Testimony: A Book Review

Testimony: Talking Ourselves into Being Christian

by John P. Leggett —

Many of us are consumed by the hidden dread that we aren’t prepared to speak about God—that, if pressed, we couldn’t muster up a single intelligible sentence to express our faith. Or, perhaps we are struck by a related terror, thinking that if we do give voice to our faith, it will only upset the people around us. 

If you are haunted by these fears, rest assured that help has arrived.

Tom Long’s book, Testimony: Talking Ourselves into Being Christian, encourages readers to put their faith into words “out in streets and avenues of everyday life” (p. 4). While he doesn’t offer a step-by-step guide to public speech about God, Long does provide ample evidence of how ordinary words about God might sound when spoken by ordinary Christians in the course of everyday life.

Long has divided his book into two parts. The first part contains three chapters and focuses on the idea that people are hungry for authentic talk about God. Long’s main point in this section is that “Christians know that we cannot be fully human without speaking the truth about life and about ourselves, which is grounded in the truth about God” (p. 6). But, as if in response to what the reader may be thinking, Long then offers an important insight to correct a common misunderstanding. In effect, he argues that we don’t have to have our theological systems completely worked out  before we open our mouths to speak about our faith. In fact, according to Long, one of the ways we come to deeper faith is by daring to put it into words. “We talk our way toward belief, talk our way from tentative belief through doubt to firmer belief, talk our way toward believing more fully, more clearly, and more deeply” (p. 6). Trying to put our faith into words is a part of discovering what we believe about God.

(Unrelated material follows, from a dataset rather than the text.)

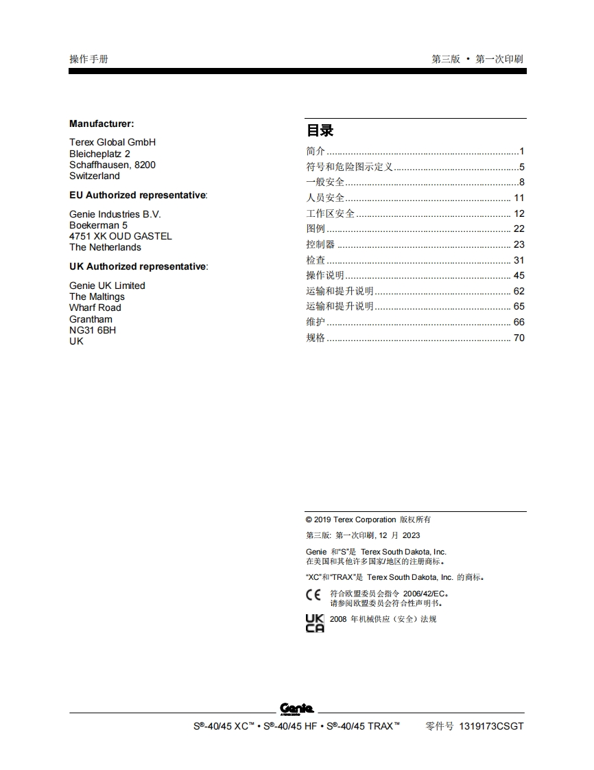 GENIE吉尼—40-XC™-S-45-XC_—-40-HF—45-HF—40-TRAX–45-TRAX-序列号范围_1曲臂吊高空作业平台操作说明书手册348072@abc20天前发布关注私信3.28MB84页035GENIE吉尼—40-XC™-S-45-XC_—-40-HF—45-HF—40-TRAX–45-TRAX-序列号范围_1曲臂吊高空作业平台操作说明书手册此内容为付费资源,请付费后查看¥39¥49黄金会员免费钻石会员免费立即购买您当前未登录!建议登陆后购买,可保存购买订单付费资源 第1页 / 共84页 第2页 / 共84页 试读已结束,还剩82页,您可下载完整版后进行离线阅读 THE END说明书手册 文本预览 GenieA TEREX BRAND操作手册序列号范围S®-40XCmS®.45XCmS®.40HFS®.45HFS®40 TRAXTMS®-45 TRAXTM带有维修信息原始说明的翻译Third EditionFirst PrintingPart No.1319173CSGT 查看更多 收起部分 喜欢就支持一下吧收藏

In the remainder of Part 1, Long discusses how the church enables us to discover and process the language to express our faith. “For Christians, the church is the learning environment for growth in wisdom, the place where the experience of God, which permeates all of life, is given a vocabulary and workable categories” (p. 32). In this way, the church functions “as the ‘language school’ of God, the place where we learn how to speak faithfully in the whole of our lives” (p. 32).

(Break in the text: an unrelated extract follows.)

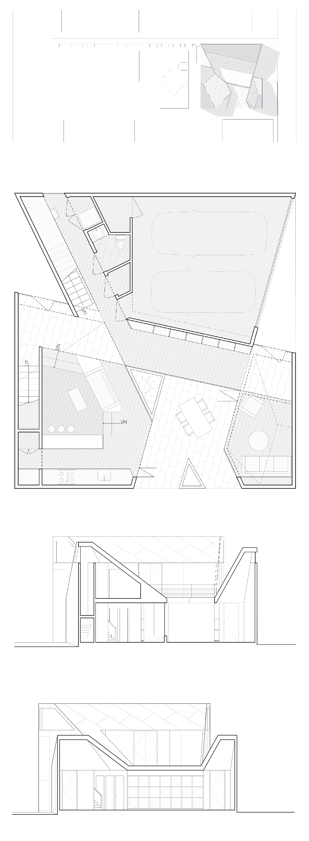 The exterior is clad with custompatterned cement board panels and can be read as a monolithic mass. The orthogonal surfaces have a slightly darker tone than those at a diagonal, producing an ambiguous reading between a single rectangular block and three aligned wedges. In contrast to the differentiatedbutopen ground floor, the master bedroom and guest room at the second level are isolated volumes, each contained in a separate wedge.

The moment comes, of course, when Christians are sent from the sanctuary into the world to bear witness to all that we have seen and heard about God in our worship.  How will we find the words to speak outside the church, in the streets? This is the question Long addresses in Part 2, entitled “Talking through the Day.” In this section, Long breaks the day into five parts and indicates how our language about God can be spoken authentically in such settings as the workplace, the lunch table, or in the political arena. Each chapter focuses on one of these settings and Long provides ample stories of people who are actually speaking faithfully about God in the context of real life.

As should be clear from the book’s title, this is not a book about talking others into being Christian. This “is not a book about techniques of what some people call ‘personal witnessing’ or ‘evangelism’” (p. 4-5).  It is, rather, a book that explores the other (and oft-forgotten) reason Christians engage in testimony. “At its most profound level, Christians talk about faith precisely because it is a truly human act to want to tell the truth” (p. 5).

Readers familiar with Long’s style of writing will find here what you have come to expect from him—profound insight, beautifully crafted sentences, and absolute clarity of thought. Long literally paints images with his words, and what he calls your attention to is not to be missed. Throughout the book, he offers his readers compelling images that open to us the sights and sounds of faith in the streets.

If you are looking for encouragement and guidance in learning how to account for the hope that is within you, by all means read this insightful book. In it you will hear how beautiful faith can sound when we dare to speak it aloud.

JOHN P. LEGGETT is a reader and writer, and serves as the pastor of the Massanutten Church in Penn Laird, Va.